[ENTRIES SHOWN — start]

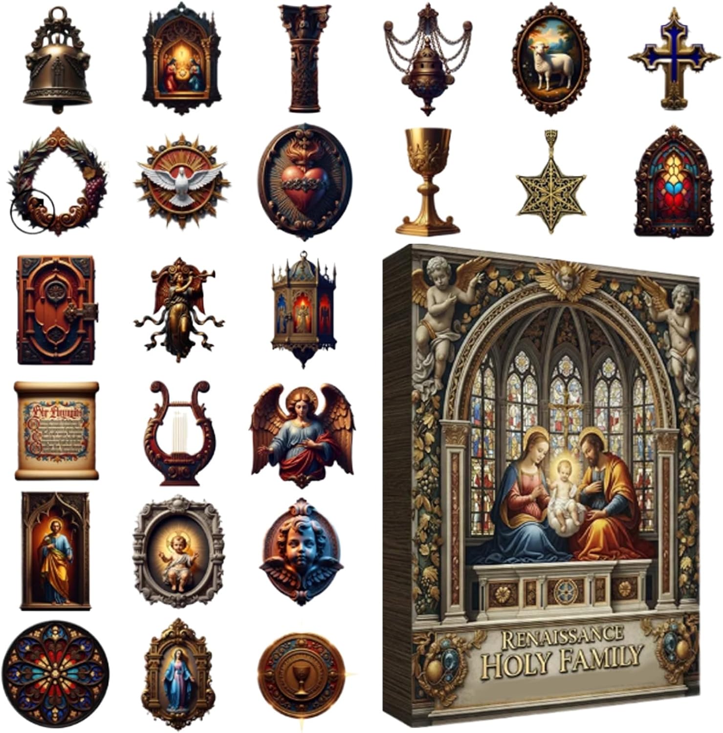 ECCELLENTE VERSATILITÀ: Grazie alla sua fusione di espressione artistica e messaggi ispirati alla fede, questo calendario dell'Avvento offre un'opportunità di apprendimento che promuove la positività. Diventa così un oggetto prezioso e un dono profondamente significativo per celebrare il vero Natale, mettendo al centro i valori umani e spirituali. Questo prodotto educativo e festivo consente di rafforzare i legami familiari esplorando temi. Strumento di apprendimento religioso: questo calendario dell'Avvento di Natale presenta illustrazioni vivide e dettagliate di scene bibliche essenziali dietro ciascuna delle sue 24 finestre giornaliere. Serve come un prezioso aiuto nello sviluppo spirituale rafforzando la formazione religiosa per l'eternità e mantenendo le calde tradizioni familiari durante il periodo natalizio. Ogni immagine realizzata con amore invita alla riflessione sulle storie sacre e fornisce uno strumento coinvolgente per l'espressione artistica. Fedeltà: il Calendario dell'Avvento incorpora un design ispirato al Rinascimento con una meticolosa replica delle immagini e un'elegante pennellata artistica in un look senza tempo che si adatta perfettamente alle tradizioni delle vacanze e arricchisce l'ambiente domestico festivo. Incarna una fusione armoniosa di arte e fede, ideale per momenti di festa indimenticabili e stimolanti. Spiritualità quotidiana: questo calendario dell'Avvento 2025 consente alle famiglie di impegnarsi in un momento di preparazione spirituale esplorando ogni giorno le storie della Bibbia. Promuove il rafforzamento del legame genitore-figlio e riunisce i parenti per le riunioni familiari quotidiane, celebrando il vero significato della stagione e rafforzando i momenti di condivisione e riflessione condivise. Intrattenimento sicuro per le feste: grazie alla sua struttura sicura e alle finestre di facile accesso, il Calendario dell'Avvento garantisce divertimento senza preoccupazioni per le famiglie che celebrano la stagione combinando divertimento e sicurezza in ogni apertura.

[ENTRIES SHOWN — finish]
[ENTRIES SHOWN — start]

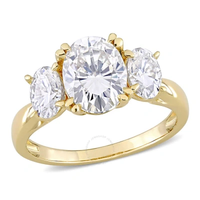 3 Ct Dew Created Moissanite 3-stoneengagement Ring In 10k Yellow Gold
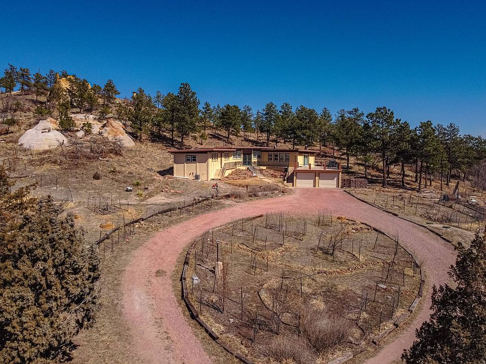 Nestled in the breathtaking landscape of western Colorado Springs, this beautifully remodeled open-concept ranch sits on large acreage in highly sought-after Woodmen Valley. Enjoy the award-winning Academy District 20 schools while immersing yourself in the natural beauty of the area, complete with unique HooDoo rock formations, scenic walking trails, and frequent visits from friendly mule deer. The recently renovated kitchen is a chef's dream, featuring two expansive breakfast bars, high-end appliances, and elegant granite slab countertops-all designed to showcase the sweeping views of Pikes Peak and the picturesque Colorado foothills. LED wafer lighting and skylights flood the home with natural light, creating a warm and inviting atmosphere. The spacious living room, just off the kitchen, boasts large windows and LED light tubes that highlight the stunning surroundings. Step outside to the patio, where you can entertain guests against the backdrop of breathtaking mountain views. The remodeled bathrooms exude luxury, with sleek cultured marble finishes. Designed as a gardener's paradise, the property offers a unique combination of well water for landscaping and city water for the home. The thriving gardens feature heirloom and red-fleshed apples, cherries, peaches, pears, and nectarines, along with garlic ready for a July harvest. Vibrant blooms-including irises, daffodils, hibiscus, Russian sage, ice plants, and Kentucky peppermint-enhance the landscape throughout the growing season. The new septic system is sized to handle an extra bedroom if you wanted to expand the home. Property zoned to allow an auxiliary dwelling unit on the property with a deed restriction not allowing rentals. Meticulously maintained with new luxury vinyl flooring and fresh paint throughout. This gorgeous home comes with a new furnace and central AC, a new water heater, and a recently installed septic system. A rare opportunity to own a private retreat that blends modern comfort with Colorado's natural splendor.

[ENTRIES SHOWN — finish]
[ENTRIES SHOWN — start]

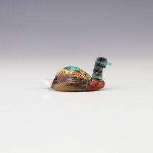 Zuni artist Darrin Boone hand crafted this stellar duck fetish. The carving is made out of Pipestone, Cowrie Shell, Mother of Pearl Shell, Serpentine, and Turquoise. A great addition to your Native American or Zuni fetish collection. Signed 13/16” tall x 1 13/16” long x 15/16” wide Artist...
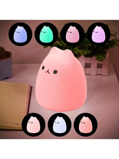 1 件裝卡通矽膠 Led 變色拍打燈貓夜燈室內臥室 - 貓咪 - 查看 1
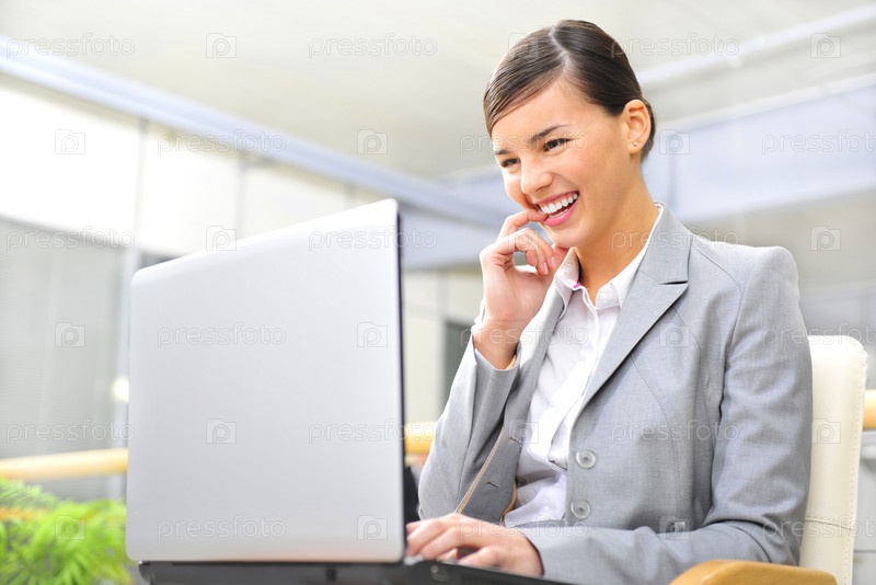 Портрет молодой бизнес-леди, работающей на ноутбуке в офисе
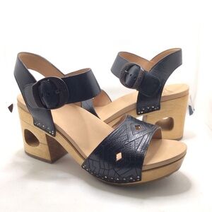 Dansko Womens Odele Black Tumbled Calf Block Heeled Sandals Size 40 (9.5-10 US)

[ENTRIES SHOWN — finish]

# EXERCISE AIM:
Transcribe, word for word, the stretch of lines in the data above from the one with "Портрет молодой бизнес-леди, работающей" through the one with "Dansko Womens Odele"; omit all pictures.

# TASK OUTPUT:
 Портрет молодой бизнес-леди, работающей на ноутбуке в офисе
 Dansko Womens Odele Black Tumbled Calf Block Heeled Sandals Size 40 (9.5-10 US)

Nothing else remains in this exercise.